Re-Jacketing Content



We read today that HarperCollins is yet again at the digital front and pushing back the boundaries. It is now extending some of its ‘browse inside’ digital samples to whole books. The premise is that as they make more available then they will entice more to buy. The offer is not extended to downloads, printing and orders will be fulfilled by Amazon.

The offer could not be resisted and makes a stark difference from the often miserly few pages offered by many or the ‘surprise me’ offered by Amazon.

Unfortunately the offer doesn’t do digital ebooks a great service as it merely rendered the physical 268 pages of Paulo Coelho’ s ‘The witch of Portabello’ on the screen as images within a flash player. What’s wrong with that you may ask? Well it includes blank pages, you would think someone would have thought that one out. It is an image within a flash player so is restricted by the player in the size of the screen and functionality; basically you can make it fit the screen or make it smaller and see the table of contents. The real issue it highlights is the use of roman fonts to read digital text. Roman fonts look great on paper and add a certain style but on a screen are very difficult to read and when in italics are very difficult to read.
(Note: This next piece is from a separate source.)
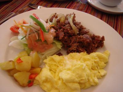 私チョイス、アメリカンブレックファースト:スクランブルエッグ・コンビー...
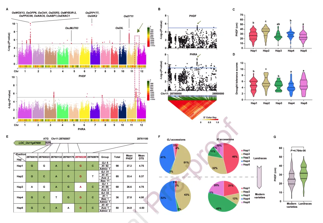 为解决上述问题,研究团队筛选了 408 份材料组成群体,结合 SNP 标记进行群体结构分析,将其划分为籼稻、粳稻、混合群、巴斯马蒂稻和 Aus 稻 5 个类群。通过田间试验测定了这些材料在正常供水和干旱胁迫下的株高,以正常与干旱条件下的株高差值(PHDF)作为抗旱性评价指标,发现不同材料间 PHDF 变异显著,且干旱胁迫、类群间及类群内材料间的变异均达极显著水平,其中籼稻亚群的平均 PHDF 显著低于粳稻亚群,表明籼稻材料整体抗旱性更强。随后,利用全基因组关联分析(GWAS),分别在全群体、籼稻 + Aus 群和粳稻 + Bas 群中鉴定与 PHDF 相关的 QTL,共发现大量显著关联 SNP,分布在 12 条染色体上,其中部分 QTL 在多个群体中被检测到。进一步对关键 QTL 区域进行候选基因筛选,结合水稻功能基因数据库注释,锁定 LOC_Os11g47600 为关键候选基因,该基因编码含 GH18 结构域的糖基水解酶,命名为 OsGH18。

"Warriors: Into the Wild" from the children's series by Erin Hunter was easier to read as the font colour was darker but only the first 60 pages were available. Robert Irvine’s cookbook ‘Mission Cook’ was a huge disappointment. We expected photographs of his dishes but found none. It also showed that placing coloured text in coloured sidebars, may well work in the printer copy, but look bad on screen.
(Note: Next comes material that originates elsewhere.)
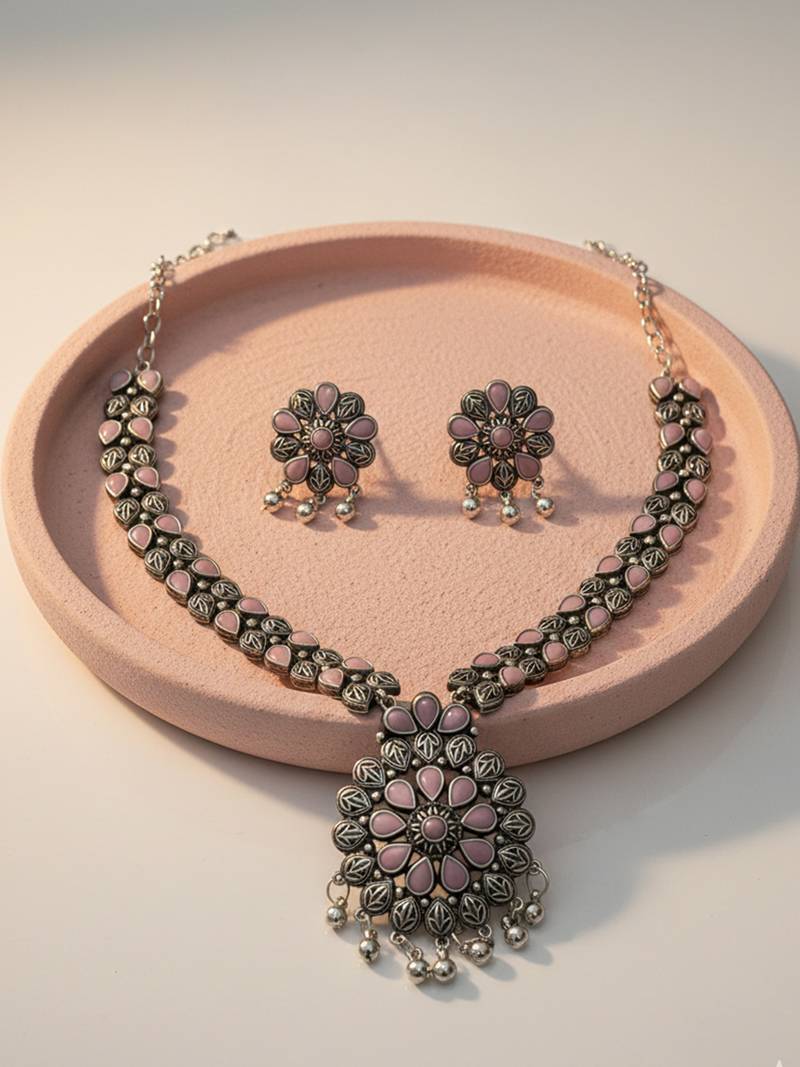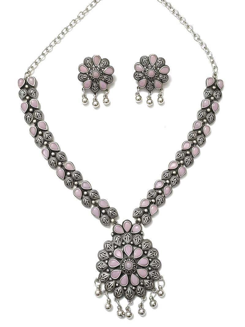 | Product Name | Nvr Women Oxidised Silver Finish Necklace & Earrings Set With Pink Stones | |

Flash drives and widgets are samplers to show off physical and digital books.

Nobody is going to read a whole book in a flash drive. There is therefore little point in highlighting the digital restrictions of flash by showing the whole book. More importantly the exercise is good if it starts to teach us that what worked in print may not work digitally. Font is an obvious issues but it stretches to layout and design. We have long taken content and merely re-jacketed it, hardback to paperback etc. Perhaps now we have to start to think differently about the digital representation.

There is little point to showing the whole book if by doing so it could potentially turns off the consumer to digital books.